Historically, that same kind of venom and prejudiced thinking applied to babies conceived through in vitro fertilization (IVF) and other reproductive advances. The science was scary and, well, sciencey. People questioned if it was God’s will for babies to be made in a test tube. Even now, it is easy to find websites dedicated to condemning the practice and using fear tactics which suggest that babies born through IVF are much more susceptible to birth defects, including an increased risk for cancer. More reputable sites, i.e., those lacking a religious agenda, state that those concerns are statistically insignificant.

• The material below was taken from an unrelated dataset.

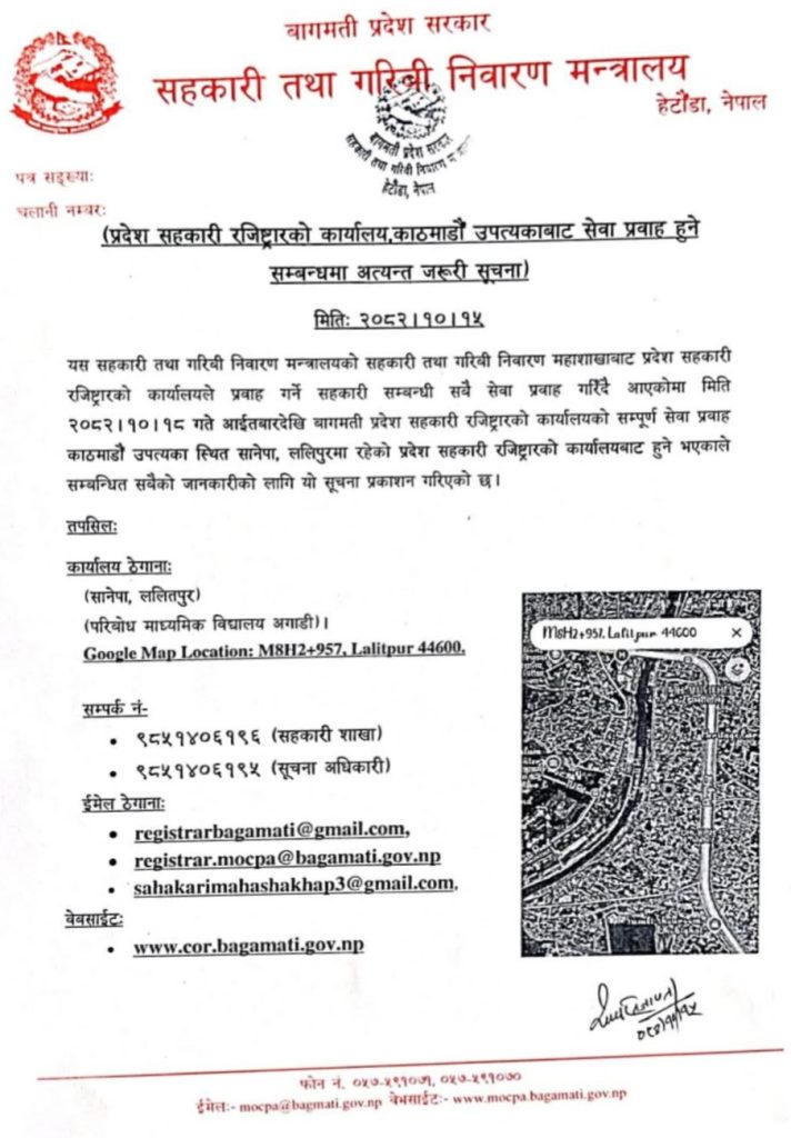 बागमती प्रदेश सहकारी रजिष्टारको कार्यालय हेटौंडाबाट ललितपुरको सानेपामा सरेको छ । आजबाट सो कार्यालयको काम ललितपुरको साानेपाबाट शुरु भएको छ तर कार्यालय व्यवस्थापनको काम भने चलिरहेको बताइएको छ । यस अघि हेटौडास्थित बागमती प्रदेश सहकारी महाशाखाबाट हुँदै आएको सबै काम आजबाट ललितपुरको सानेपास्थित बागमती प्रदेश सहकारी रजिष्टारको कार्यालयबाट शुरु भएको एक अधिकारीको भनाइ छ ।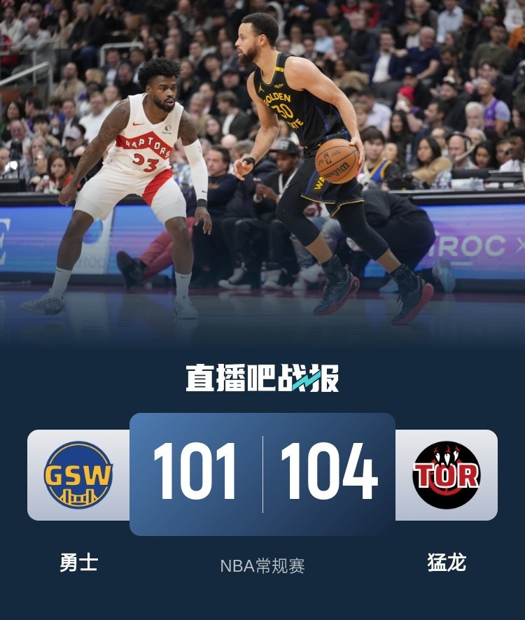 比赛上来,两队就打得很胶着,场上多次出现平分,在10-10平后勇士连拿五分,但猛龙立马就用6-0给出回应,分差一直无法拉开,次节两队依旧是打得难解难分,库里是队内唯一得分上双的球员,半场结束时猛龙领先2分;下半场回来,勇士完成反超并有拉开分差的势头,但是他们的失误让猛龙总能及时追回来,比赛悬念保持到了最后,关键时刻阿巴基反击扣空篮,维金斯三分不中,希尔德绝平三分不沾筐,最终猛龙险胜勇士止住五连败。

There is also a moral argument made that people who utilize IVF for their family plan simply want “designer babies,” or the ability to choose their child’s gender and even the number of babies per pregnancy. Twins are so chic this season, don’t you know! Conversely, the accusations fly that when twin, triplet, quadruplet, or even larger number embryos are the result of a successful IVF, couples are aborting an extra child or children willy nilly.
Surrogacy, too, does not escape the judgment police. Last week I was engaged in a friend’s Facebook thread about the morality of surrogacy. An article was posted about a young woman who learned at age 17 that she was born through a surrogate and now works hard to endorse legislative restrictions against the practice of surrogacy. I left a comment that the young woman could use a therapist (not sarcasm, but a clinical judgment) and that if the worst thing that should befall her is having been born to a surrogate, well, she should count herself lucky.
I had no idea the thread would quickly turn into a condemnation of the practice of surrogacy as being nothing more than “transactional” in nature, no different than a business deal, and lacking the love of conception. I’ll be honest, this touched a nerve, as I, too, have been accused of exploiting a woman for my own personal gain because of financial privilege. When I made that argument, that people considered my adoption a transaction, nothing more than a baby bought and paid for, I was quickly reassured that NO!, adoption is a beautiful thing and how could anyone ever think otherwise?
My argument, that many people did think adoption was a transaction, and were against the practice because of that, was completely lost in the discussion. In this particular thread, surrogacy was “morally bankrupt,” and adoption was a loving gift, as if the people who had judged my adoption were wrong, but judging surrogacy was grounded in some higher truth.
It turns out, with a wee little bit of a Google search, there is a fairly strong religious (Catholic) and political (conservative) agenda against surrogacy these days. A growing anti-surrogacy movement, that I personally feel is another means to prevent gay men from parenting, but that’s just me.
I am reminded of my immediate thought after grieving my daughter’s fertility, ” . . . families are made in all different kinds of ways.” It was so important to me, even in the midst of nursing my girl through her cancer treatment, that she knew and understood that.
It is just as important that those blessedly untouched by infertility or those not in same sex relationships understand the concept as well. Not all of us are able to procreate easily and without intervention. Less judging, more loving. Families are made in all different kinds of ways, and if those ways are ethical and loving and sincere of intentions, then stop the judging.
If it’s simple enough for a two year old to understand, surely us adults can get there, too, right?